Вскоре у Есугеевой семьи появились соседи – люди из племени джардаран. Они участливо отнеслись к вдовам и сиротам, но, увы, сами жили очень бедно и ничем не могли им помочь.

Следующей зимой Темуджин сдружился с сыном джардаранского нойона, мальчиком Джамухой. Они играли в бабки на льду Сангура, учились охотиться на зайцев и ловить рыбу из подо льда.

Пришла весна, а с нею и новые тревоги. В юрте Оэлун возникла распря между Темуджином и Бектером. Женщины никак не могли погасить этот пожар, а прочие дети были слишком малы, чтобы вмешиваться.

Бектер, не стесняясь, говорил, что нужно выдать Темуджина Таргитай‑Кирилтуху. Тогда всех остальных оставят в покое, и можно будет примкнуть к какому‑нибудь племени и жить нормальной жизнью.

– Трус! – кричал ему Темуджин. – Ты готов стать нищим, бедняком, лишь бы спасти свою шкуру! Я – хозяин Есугеева улуса, и я верну его себе, всем нам.

– Да какой ты хозяин, – насмехался Бектер. – Посмотри на себя – у тебя рубаха из шкур сусликов. Чтобы стать Есугеем, мало только носить его шапку. Наш отец мертв. Нам никто не поможет.

Сводные братья часто дрались, в кровь, разбивая друг другу лица, но более крепкий Бектер всегда побеждал. Ночами Темуджин тихо плакал, глотая злые слезы, а утром все начиналось сначала.
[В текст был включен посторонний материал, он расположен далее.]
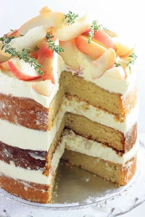 Three of my favorite things, white nectarine, thyme and limoncello all in a cake!
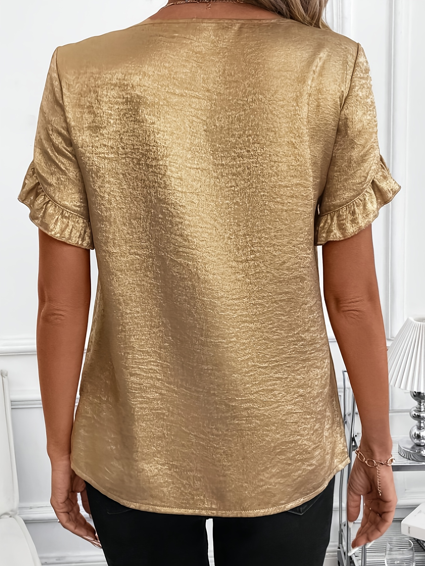 [Elegant Blouse] Elegant Golden Foil Women's Blouse | Round Neck Short Sleeve Summer Shirt, Machine Washable Solid Color Top for Casual & Formal Occasions, Ruched Shoulder Design, Lightweight Fabric
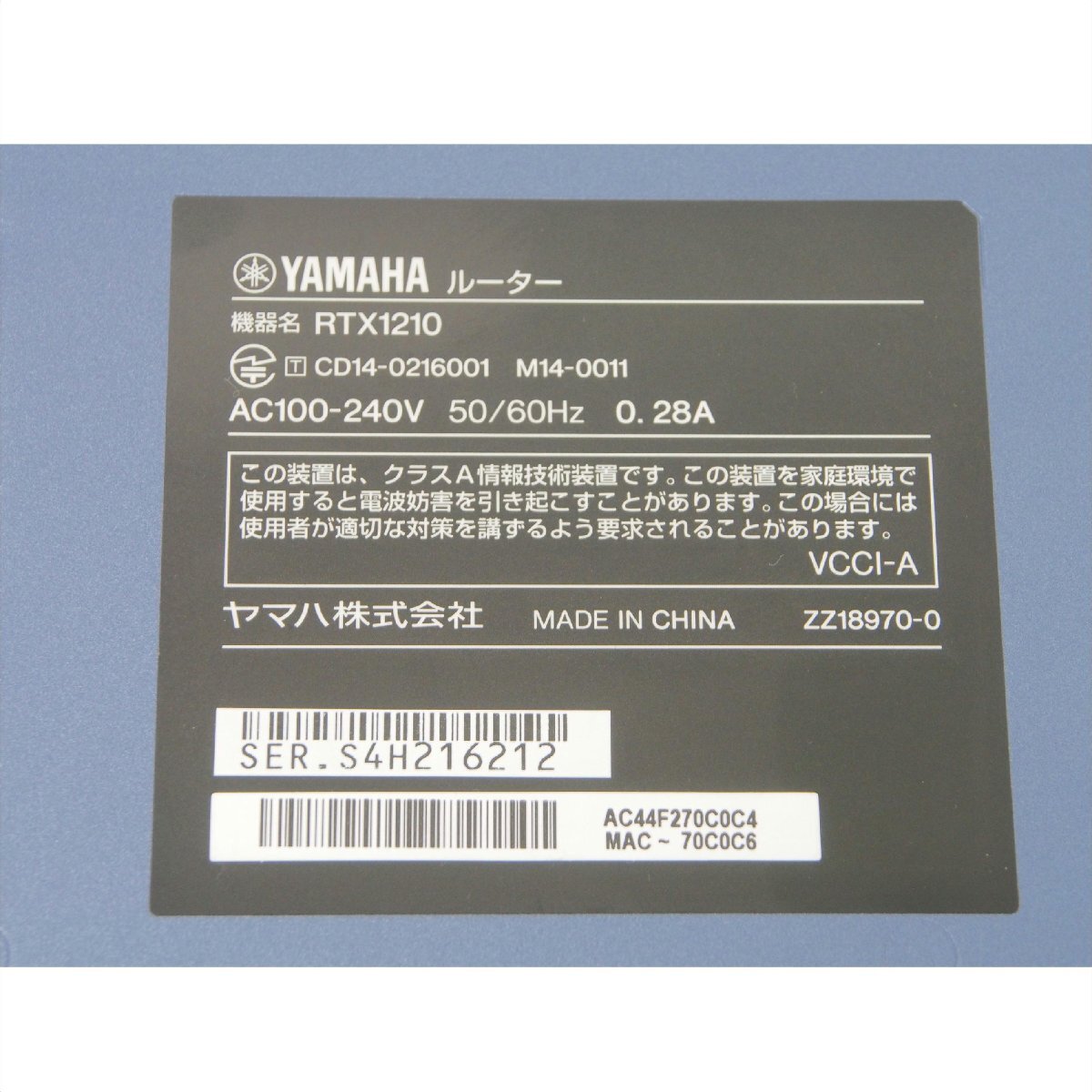 | 商品名 | 1円【ジャンク】YAMAHA ヤマハ/ギガアクセスVPNルーター/通電のみ確認/RTX1210/78 |
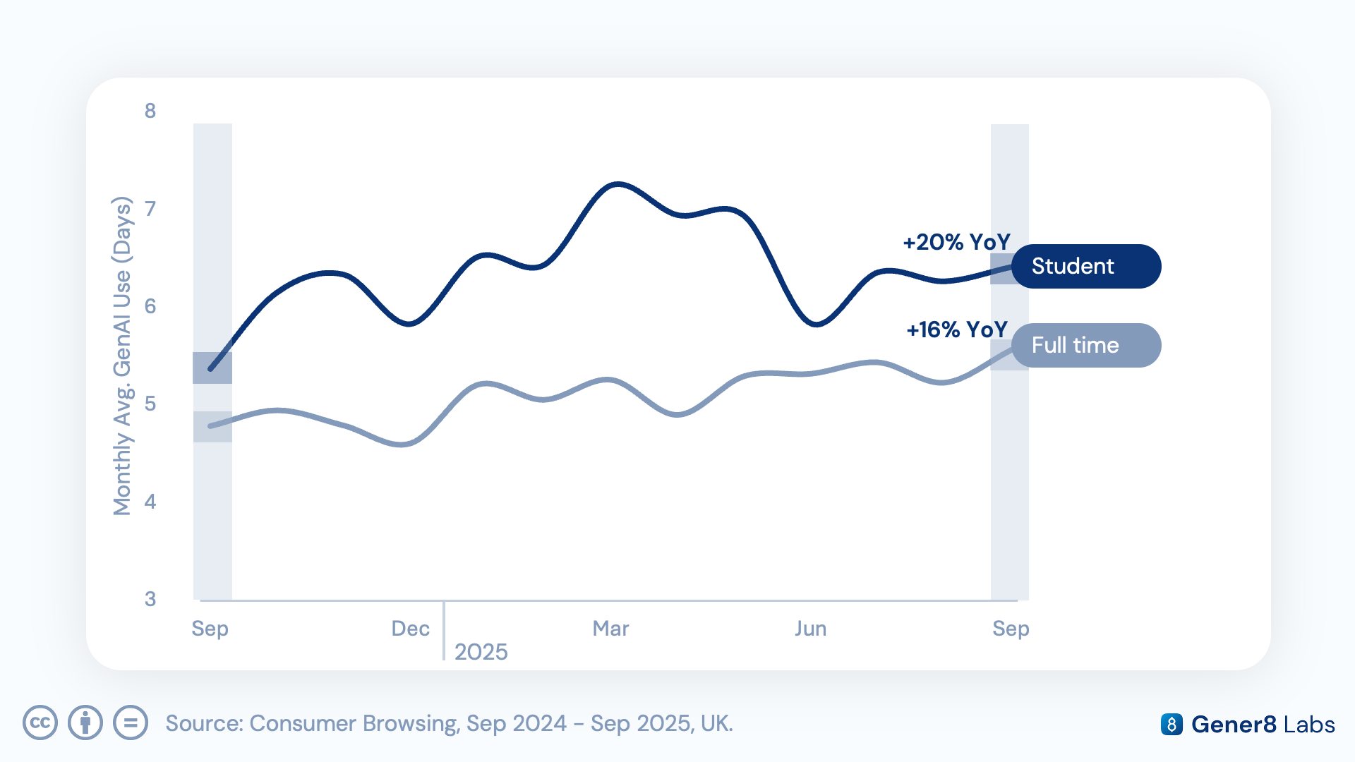 Students emerge from the data as the quintessential power-users of Generative AI. They not only represent the highest-frequency user group at 6.4 days per month, but their adoption is also accelerating at the fastest rate, with usage up 20% compared to the previous year. The data also reveals a clear seasonality to their engagement, with usage patterns coinciding with academic calendars and showing distinct peaks during the crucial study and exam periods from March to April. This directly links their AI use to high-pressure academic activities.
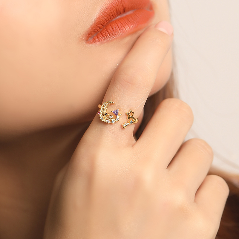 Womens Sterling Silver Crescent Moon Ring Adjustable Open Design Elegant Celestial Jewelry Bright Gift For Her
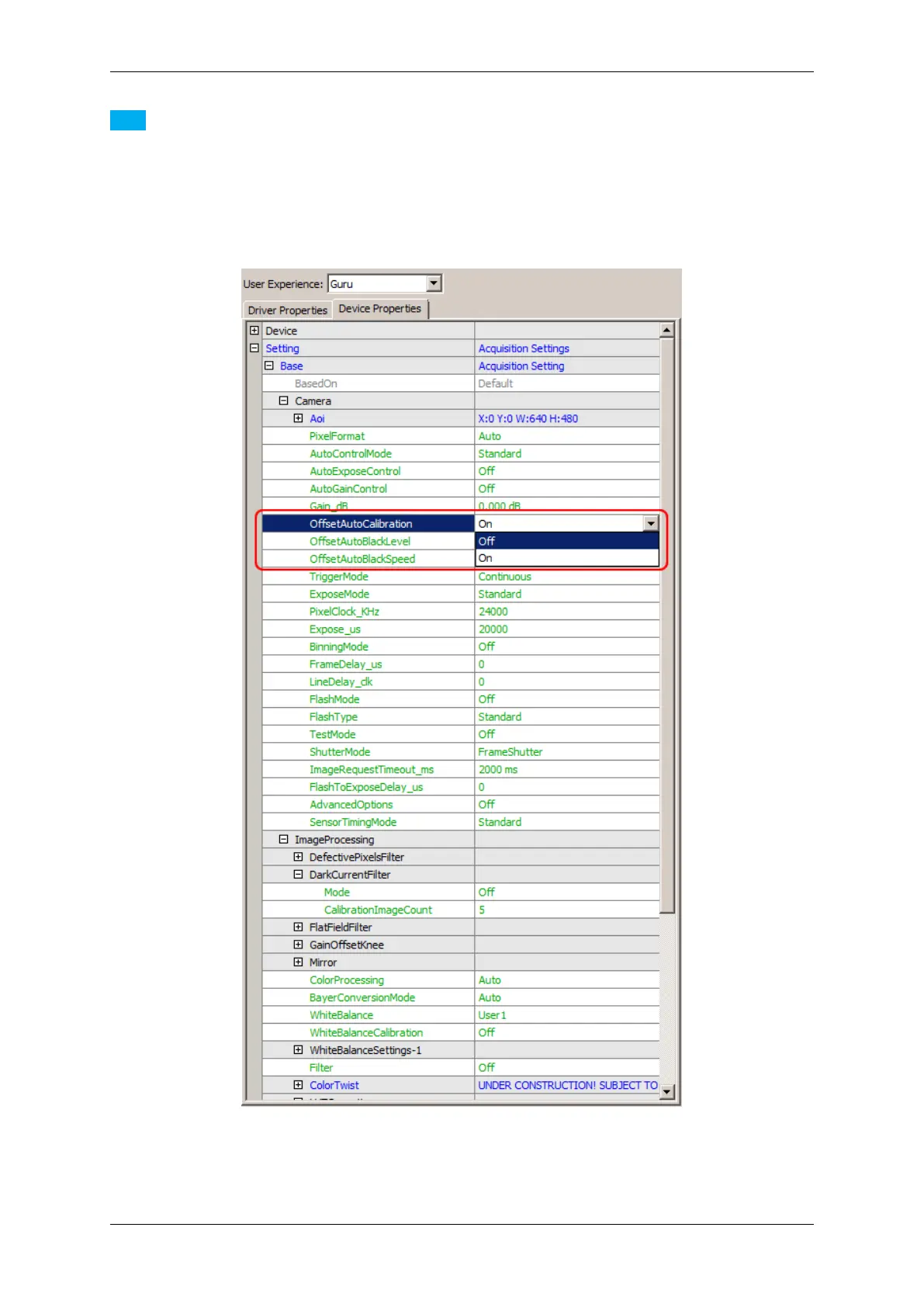 Figure 3: Image corrections (screenshot mvBlueFOX): OffsetAutoCalibration = Off
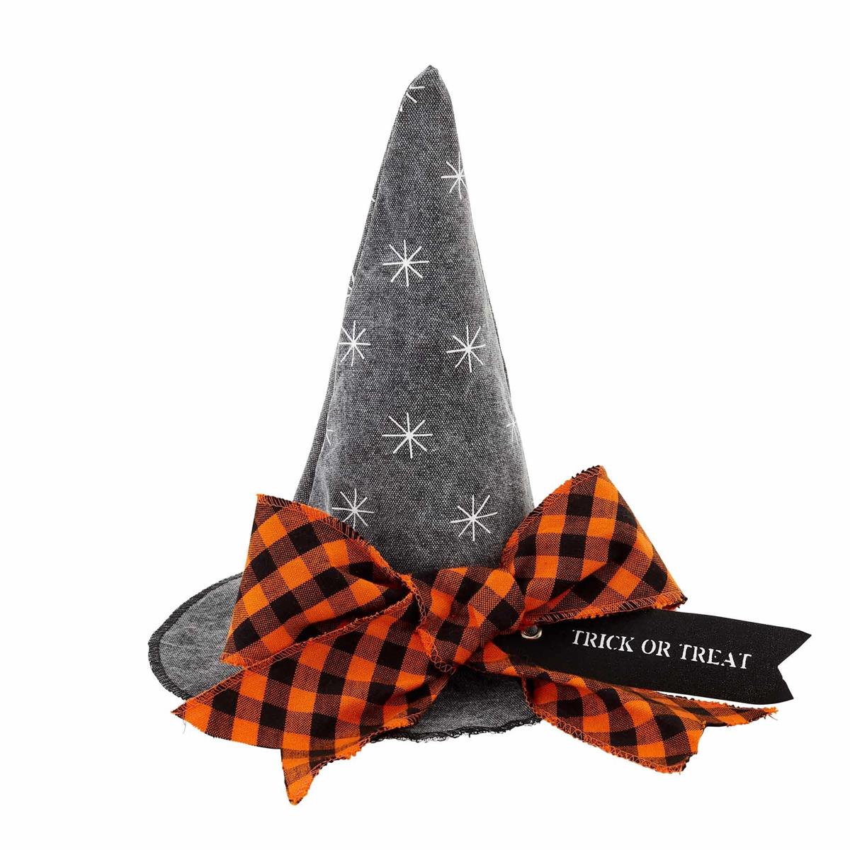 Medium: Washed canvas witch hat sitter with buffalo check bow and printed canvas sentiment tag.
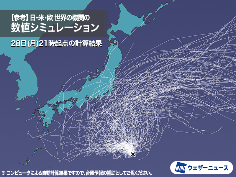 これらを比較すると、小笠原諸島から北上を開始した後はコースにかなりのばらつきがあることがわかります。最新の予測では本州の南に進むものが増加し、陸地にかなり近づく予測もみられる状況です。日がたつにつれて誤差は縮小する見込みですので、今後の情報にご注意ください。

Сошел снег, на солнечной стороне холмов пошли в рост саранки, дикий лук и чеснок. Оэлун спозаранку выгоняла младших детей собирать их. Джардараны собрались откочевывать на юг, в степи. Джамуха прискакал к юрте изгнанников и вызвал Темуджина.

– Наши охотники видели на той стороне гор тайджиутов, – задыхаясь, сказал он мальчику. – Отец говорит, что они ищут вас. А вчера к нам приходил Бектер. Он хочет выдать тебя. Отец не будет ссориться с Таргитай‑Кирилтухом и поможет Бектеру встретиться с его нукерами. Завтра утром мы покинем эти места. Перед отъездом твой сводный брат придет к нам. Беги, Темуджин! Беги, иначе тебя ждет смерть!

– Спасибо за слова, прозвучавшие вовремя, – ответил Темуджин. – Ты предупредил меня, Джамуха, и тем самым спас. Ты мне больше брат, чем кровные братья. Отныне ты мне анда! Я никогда не забуду, что ты сделал для меня.

– И ты мне анда, Темуджин, – взволновано проговорил Джамуха. – Бери моего коня и скачи прочь отсюда.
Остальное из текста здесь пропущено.